- [Exercise requirements]: Beginning with the line of the entries below that holds "Pros and Cons" and ending with the line that holds "Barrera de seguridad", transcribe each line exactly as written. Pictures stay out.
Dataset entries below:
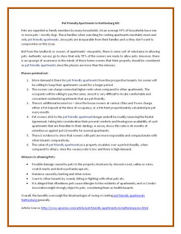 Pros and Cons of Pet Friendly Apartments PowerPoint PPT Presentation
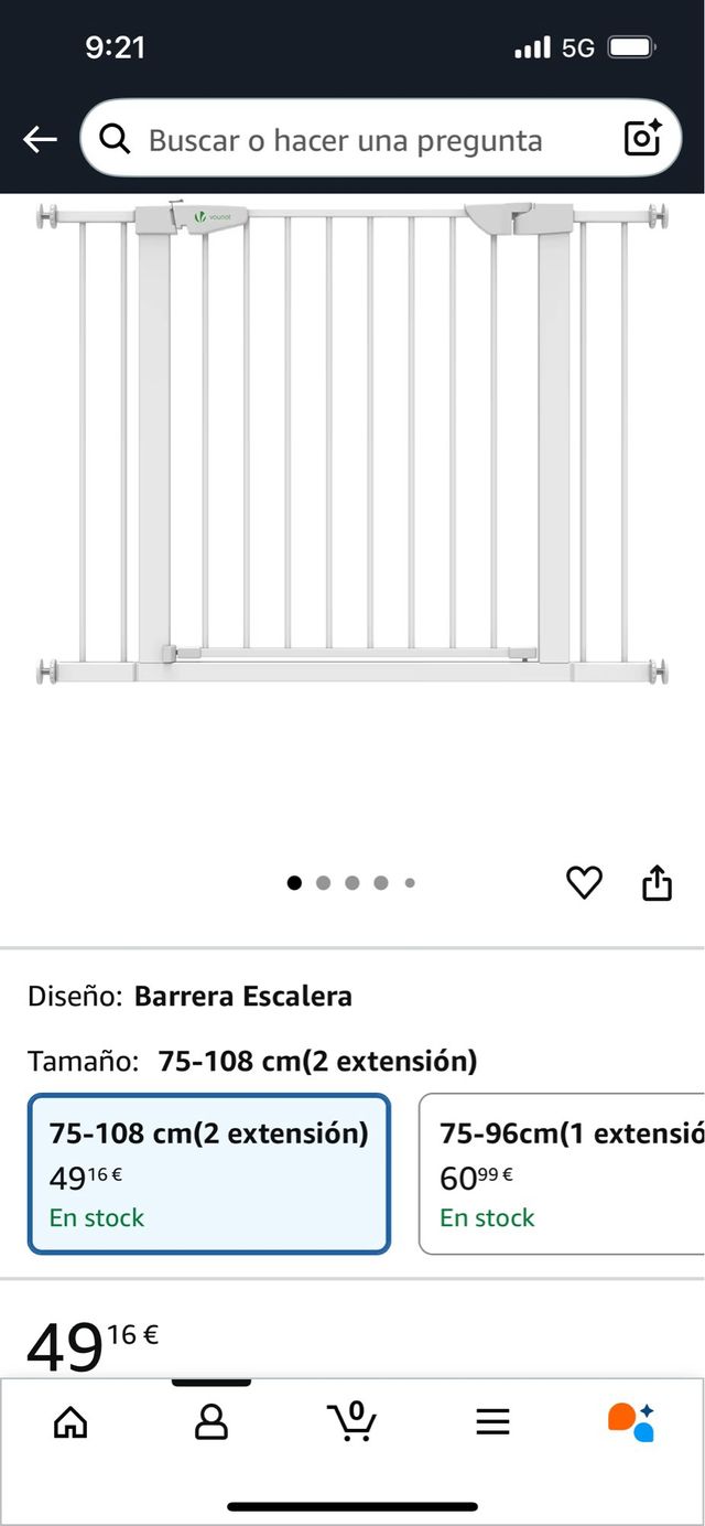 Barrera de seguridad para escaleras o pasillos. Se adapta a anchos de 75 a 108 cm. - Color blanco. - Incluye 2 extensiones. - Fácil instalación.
End of Dataset entries.
Dataset entries below:
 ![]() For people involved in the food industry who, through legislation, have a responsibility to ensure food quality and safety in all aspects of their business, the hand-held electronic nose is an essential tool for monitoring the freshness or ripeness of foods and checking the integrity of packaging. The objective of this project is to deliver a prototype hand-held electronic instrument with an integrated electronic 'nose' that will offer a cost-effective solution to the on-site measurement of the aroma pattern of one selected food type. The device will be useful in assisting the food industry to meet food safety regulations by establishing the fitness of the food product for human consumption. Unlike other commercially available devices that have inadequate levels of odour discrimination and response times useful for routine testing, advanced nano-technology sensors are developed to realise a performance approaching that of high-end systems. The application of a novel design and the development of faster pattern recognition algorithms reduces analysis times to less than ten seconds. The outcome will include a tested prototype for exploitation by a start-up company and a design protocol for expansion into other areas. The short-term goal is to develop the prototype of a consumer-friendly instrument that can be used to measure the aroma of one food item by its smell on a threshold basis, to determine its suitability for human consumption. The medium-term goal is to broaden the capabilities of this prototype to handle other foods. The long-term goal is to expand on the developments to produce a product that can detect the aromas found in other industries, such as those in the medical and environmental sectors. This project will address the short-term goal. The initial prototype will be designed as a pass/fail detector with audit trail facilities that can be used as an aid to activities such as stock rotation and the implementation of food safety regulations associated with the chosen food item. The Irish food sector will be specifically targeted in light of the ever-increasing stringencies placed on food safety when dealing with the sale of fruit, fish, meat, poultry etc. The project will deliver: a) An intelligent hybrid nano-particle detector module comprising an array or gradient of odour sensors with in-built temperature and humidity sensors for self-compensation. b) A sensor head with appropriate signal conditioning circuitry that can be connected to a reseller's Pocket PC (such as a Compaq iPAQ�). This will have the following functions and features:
End of Dataset entries.
- [Exercise output]:
 Pros and Cons of Pet Friendly Apartments PowerPoint PPT Presentation
 Barrera de seguridad para escaleras o pasillos. Se adapta a anchos de 75 a 108 cm. - Color blanco. - Incluye 2 extensiones. - Fácil instalación.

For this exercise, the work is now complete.